MLST and flaA short variable region sequence typing

DNA was extracted from 24-h cultures with PrepMan® (Applied Biosystems, USA) according to the manufacturer's instructions and MLST was performed as described by Dingle et al. [Reference Dingle19]. Seven housekeeping genes, aspA, glnA, gltA, glyA, pgm, tkt, uncA were amplified using Taq polymerase (Promega, USA) with primers detailed in Korczak et al. [Reference Korczak20]. The short variable region of the flaA gene (flaA-SVR) was amplified by primers flaA_Cjc-L and flaAB_Cjc-R [Reference Korczak20] according to the protocol of Josefsen et al. [Reference Josefsen21]. The purified PCR products were sequenced with the BigDye terminator v. 3.1 ready reaction cycle sequencing kit (Applied Biosystems) on an ABI3130XL genetic analyser (Applied Biosystems).

The sequences of the seven MLST loci and flaA were compared with sequences in the MLST database (www.pubmlst.org/campylobacter) to determine the allele number. The STs, clonal complexes (CCs) and flaA type of each strain were assigned from the profiles of the seven alleles in the MLST database with an integrated automated link in the computer program BioNumerics v. 6.6 (Applied Maths NV, Belgium). Relationships between strains were determined by the MLST-based network creation method, minimum spanning tree (MST) and by the unweighted pair-group method with arithmetic mean cluster analysis based on flaA-SVR in BioNumerics. New alleles and STs were submitted to the PubMLST database.

Antibiotic susceptibility

The susceptibility of isolates to seven antibiotics (chloramphenicol, ciprofloxacin, erythromycin, gentamicin, nalidixic acid, streptomycin, tetracycline) was determined by a broth microdilution method using a commercial diagnostic test for Campylobacter minimum inhibitory concentrations (MICs) (Sensititre Campylobacter plate – EUCAMP; Trek Diagnostic Systems, USA) according to the manufacturer's instructions. Resistance against antibiotics was expressed as MICs based on cut-off values recommended by European Food Safety Authority (EFSA) [22]. Multidrug resistance was defined as resistance to at least three non-related antibiotics.
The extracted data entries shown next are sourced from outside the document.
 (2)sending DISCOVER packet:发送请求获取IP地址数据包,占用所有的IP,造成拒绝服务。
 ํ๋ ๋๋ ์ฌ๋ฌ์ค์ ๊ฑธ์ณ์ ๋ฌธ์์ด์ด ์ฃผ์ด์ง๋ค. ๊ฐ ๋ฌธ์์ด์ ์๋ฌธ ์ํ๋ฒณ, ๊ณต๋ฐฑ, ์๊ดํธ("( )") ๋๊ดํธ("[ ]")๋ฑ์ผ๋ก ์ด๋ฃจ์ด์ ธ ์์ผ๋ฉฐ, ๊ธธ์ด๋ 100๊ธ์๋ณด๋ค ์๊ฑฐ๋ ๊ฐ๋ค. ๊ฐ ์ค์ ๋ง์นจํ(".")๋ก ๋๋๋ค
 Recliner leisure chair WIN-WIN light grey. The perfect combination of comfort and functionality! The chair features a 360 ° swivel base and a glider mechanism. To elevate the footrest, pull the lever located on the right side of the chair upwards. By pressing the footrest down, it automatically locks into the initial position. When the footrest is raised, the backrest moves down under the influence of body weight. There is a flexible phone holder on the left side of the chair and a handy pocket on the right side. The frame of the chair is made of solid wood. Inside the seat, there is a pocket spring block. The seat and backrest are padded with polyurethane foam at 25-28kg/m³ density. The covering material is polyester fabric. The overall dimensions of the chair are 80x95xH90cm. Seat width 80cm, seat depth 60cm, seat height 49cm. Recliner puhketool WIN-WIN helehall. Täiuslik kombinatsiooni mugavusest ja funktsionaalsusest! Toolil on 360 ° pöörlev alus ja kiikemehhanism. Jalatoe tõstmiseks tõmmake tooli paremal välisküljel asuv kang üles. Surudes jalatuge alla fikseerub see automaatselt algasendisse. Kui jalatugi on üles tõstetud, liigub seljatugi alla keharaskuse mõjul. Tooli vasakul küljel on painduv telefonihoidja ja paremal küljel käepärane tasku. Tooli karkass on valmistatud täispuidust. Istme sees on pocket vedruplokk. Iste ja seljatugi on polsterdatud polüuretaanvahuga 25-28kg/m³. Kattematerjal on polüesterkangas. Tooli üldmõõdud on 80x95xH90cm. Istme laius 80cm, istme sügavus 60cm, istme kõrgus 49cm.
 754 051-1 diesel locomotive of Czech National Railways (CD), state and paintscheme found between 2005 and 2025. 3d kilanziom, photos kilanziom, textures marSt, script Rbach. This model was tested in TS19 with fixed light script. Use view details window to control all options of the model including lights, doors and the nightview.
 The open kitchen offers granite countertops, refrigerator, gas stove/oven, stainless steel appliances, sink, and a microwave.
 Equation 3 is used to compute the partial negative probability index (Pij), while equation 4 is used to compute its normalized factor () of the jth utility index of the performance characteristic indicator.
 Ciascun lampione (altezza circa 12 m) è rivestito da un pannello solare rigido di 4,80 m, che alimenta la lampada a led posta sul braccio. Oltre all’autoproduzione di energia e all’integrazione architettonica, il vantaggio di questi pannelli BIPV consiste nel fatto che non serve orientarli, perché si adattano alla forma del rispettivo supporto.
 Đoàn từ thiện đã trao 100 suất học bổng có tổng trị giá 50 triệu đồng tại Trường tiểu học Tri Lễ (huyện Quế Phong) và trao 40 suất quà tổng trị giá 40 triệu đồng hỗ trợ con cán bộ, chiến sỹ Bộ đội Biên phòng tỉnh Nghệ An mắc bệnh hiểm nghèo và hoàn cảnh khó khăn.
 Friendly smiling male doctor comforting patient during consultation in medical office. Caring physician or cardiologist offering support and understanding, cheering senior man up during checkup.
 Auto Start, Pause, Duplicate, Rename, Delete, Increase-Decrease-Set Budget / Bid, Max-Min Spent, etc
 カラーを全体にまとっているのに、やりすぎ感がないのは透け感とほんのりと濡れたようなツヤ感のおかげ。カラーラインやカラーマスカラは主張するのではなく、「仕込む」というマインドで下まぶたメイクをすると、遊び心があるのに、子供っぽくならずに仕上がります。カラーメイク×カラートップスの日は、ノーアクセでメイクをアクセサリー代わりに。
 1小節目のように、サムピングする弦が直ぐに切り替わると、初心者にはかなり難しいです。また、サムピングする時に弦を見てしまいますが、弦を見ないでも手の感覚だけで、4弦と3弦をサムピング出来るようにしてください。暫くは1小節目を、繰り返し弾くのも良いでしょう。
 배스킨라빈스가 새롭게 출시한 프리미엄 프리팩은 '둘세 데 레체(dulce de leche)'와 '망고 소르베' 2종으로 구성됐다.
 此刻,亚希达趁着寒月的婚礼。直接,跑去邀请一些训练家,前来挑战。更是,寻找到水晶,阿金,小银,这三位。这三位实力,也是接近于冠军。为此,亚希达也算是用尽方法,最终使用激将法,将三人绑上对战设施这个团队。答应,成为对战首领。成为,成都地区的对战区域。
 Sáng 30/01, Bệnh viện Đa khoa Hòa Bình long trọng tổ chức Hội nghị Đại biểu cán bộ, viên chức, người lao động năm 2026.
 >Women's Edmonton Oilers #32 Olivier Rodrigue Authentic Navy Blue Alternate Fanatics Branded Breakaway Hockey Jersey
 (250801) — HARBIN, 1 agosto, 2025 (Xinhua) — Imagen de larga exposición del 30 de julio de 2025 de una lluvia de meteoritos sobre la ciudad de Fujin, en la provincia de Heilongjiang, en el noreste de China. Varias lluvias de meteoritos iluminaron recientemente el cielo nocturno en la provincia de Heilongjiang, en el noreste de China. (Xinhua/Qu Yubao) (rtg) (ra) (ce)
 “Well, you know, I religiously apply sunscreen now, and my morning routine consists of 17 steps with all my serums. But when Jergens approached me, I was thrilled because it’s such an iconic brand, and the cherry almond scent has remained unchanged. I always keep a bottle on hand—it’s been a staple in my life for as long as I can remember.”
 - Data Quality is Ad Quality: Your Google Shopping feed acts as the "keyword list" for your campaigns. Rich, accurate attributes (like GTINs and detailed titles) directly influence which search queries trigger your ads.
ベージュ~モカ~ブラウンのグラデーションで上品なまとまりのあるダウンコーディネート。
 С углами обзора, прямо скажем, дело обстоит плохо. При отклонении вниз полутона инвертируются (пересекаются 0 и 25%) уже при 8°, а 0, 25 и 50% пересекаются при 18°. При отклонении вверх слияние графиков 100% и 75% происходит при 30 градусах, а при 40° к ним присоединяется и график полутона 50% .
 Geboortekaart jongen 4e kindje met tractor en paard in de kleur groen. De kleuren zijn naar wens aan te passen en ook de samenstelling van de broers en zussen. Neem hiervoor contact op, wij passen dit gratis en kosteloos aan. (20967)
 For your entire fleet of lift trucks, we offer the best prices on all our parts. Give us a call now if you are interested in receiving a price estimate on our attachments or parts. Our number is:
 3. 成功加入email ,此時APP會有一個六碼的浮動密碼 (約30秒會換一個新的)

Mutation assay PCR and gyrA sequencing

Mismatch amplification mutation assay (MAMA) PCR for detection of the Thr86-Ile mutation, which confers resistance against ciprofloxacin was performed on all phenotypically ciprofloxacin-resistant isolates. Additionally, the quinolone resistance-determining region (QRDR) of gyrA was sequenced (Macrogen, South Korea) to study the genetic relatedness of ciprofloxacin-resistant isolates from different CCs. Both procedures were as described previously [Reference Zirnstein23]. Thirty-two sequences of gyrA QRDR were deposited in GeneBank (accession numbers KF831198–KF831229).

Statistical analysis

The discriminatory index of the typing methods was calculated by Simpson's index of diversity according to Hunter & Gaston [Reference Hunter and Gaston24]. Statistical significance (P < 0.05) of association of specific genotypes with quinolone resistance and source of the strains was tested using IBM SPSS Statistics v. 20 (IBM, USA), with Fisher's exact two-tailed test and Pearson's χ 2 test.

RESULTS AND DISCUSSION

The 52 C. jejuni isolates were recovered from animals (chicken, bovine, turkey skin and faeces), raw and cured chicken meat from retail, human patients and environmental water samples during 2008–2009 in different regions of Slovenia. The isolates were grouped by MLST into 28 STs, four of which were novel additions to the PubMLST database; one of these new STs (ST5207 – C. jejuni 1603) was a novel combination of previously known alleles but three, ST5205, ST5206, ST6309, included novel allele sequences in tkt, aspA and glyA loci, respectively. Each of the isolates with the novel tkt allele type originated from the same region in Slovenia (data not shown) and were isolated from raw and cured chicken meat and human faeces, which is suggestive of chicken being the most probable source of infection.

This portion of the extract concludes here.